6) Check that the CLT-based implementation for the CI seems to be correct
An convenient check to perform on the CLT-based calculation of the CIs is to run the calculation on the Simple Random Sample (SRS) case and verify that the results coincide with those given by the svymean()
calculation under the SRS design.
# CLT-based calculation
df_noweights = df
df_noweights$Weight = 1 # SRS: weights equal to 1
show_values( ci_clt(df_noweights, ci_level=0.95) )
which gives:
Category p Delta 2.5 % 97.5 %
1 A 0.1 0.0263 0.0737 0.126
2 B 0.2 0.0351 0.1649 0.235
3 C 0.3 0.0402 0.2598 0.340
4 D 0.4 0.0429 0.3571 0.443
which we compare to the survey-based calculation:
# Survey-based calculation
design <- svydesign(ids=~1, probs=NULL, data=df)

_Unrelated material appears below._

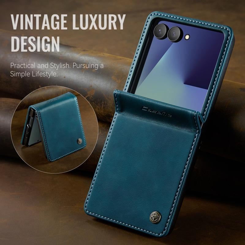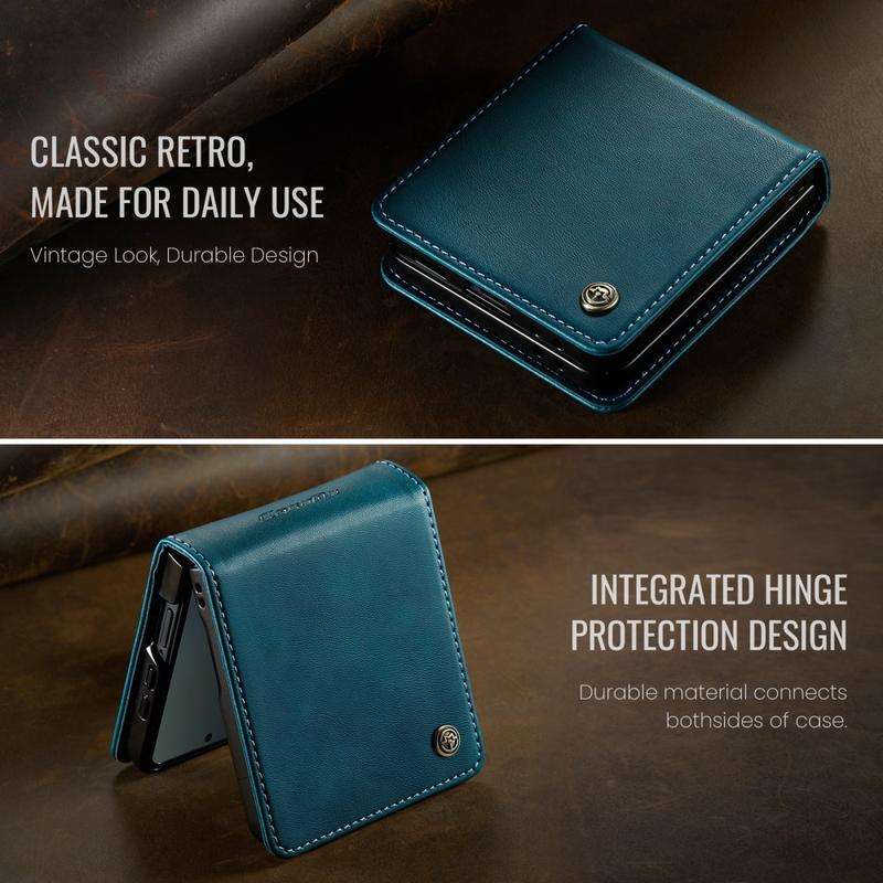 The CASEME 033 Series Wallet Case for Samsung Galaxy Z Flip7 is crafted from calf texture polyurethane combined with TPU, offering full-body protection against scratches, impacts, and daily wear while maintaining a premium, elegant look.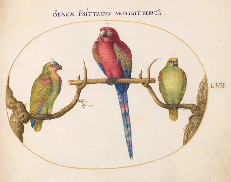 African Grey Parrot, an Indian Ring-Necked Parrot, and a third parrot. Check out Edward Lear’s famous parrot paintings for more fantastic parrot prints.

show_values( ci_survey(df, design) )
that gives:
p Delta 2.5 % 97.5 %
CategoryA 0.1 0.0263 0.0737 0.126
CategoryB 0.2 0.0351 0.1649 0.235
CategoryC 0.3 0.0402 0.2598 0.340
CategoryD 0.4 0.0430 0.3570 0.443
We see that the results coincide, suggesting that the implementation of the CLT-based calculation of the CI in the general case with unequal weights is correct.